→ What is being asked: Within the entries below, the lines from the one with "6畳+10畳の二間和室。檜を" through the one with "1 Set Fashion" are to be set down exactly, both ends kept.

→ Material for this task:
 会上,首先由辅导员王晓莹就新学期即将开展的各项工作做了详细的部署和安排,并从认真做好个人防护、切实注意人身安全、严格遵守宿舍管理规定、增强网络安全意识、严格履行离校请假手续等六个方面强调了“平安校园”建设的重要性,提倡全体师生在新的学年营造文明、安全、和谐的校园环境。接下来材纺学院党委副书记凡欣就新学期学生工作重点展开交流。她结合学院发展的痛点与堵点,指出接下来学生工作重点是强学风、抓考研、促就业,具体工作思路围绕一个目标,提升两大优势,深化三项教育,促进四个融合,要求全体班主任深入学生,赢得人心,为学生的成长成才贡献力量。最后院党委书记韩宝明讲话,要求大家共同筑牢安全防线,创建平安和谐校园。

---

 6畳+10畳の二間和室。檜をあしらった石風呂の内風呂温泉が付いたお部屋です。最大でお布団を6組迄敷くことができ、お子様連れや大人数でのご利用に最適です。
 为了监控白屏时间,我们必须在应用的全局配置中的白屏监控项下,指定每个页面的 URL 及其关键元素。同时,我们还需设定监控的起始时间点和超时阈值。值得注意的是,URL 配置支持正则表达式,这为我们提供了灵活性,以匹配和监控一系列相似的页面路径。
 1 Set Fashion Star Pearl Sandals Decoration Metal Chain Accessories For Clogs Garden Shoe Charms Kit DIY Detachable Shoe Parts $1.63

→ Solved exercise:
 6畳+10畳の二間和室。檜をあしらった石風呂の内風呂温泉が付いたお部屋です。最大でお布団を6組迄敷くことができ、お子様連れや大人数でのご利用に最適です。
 为了监控白屏时间,我们必须在应用的全局配置中的白屏监控项下,指定每个页面的 URL 及其关键元素。同时,我们还需设定监控的起始时间点和超时阈值。值得注意的是,URL 配置支持正则表达式,这为我们提供了灵活性,以匹配和监控一系列相似的页面路径。
 1 Set Fashion Star Pearl Sandals Decoration Metal Chain Accessories For Clogs Garden Shoe Charms Kit DIY Detachable Shoe Parts $1.63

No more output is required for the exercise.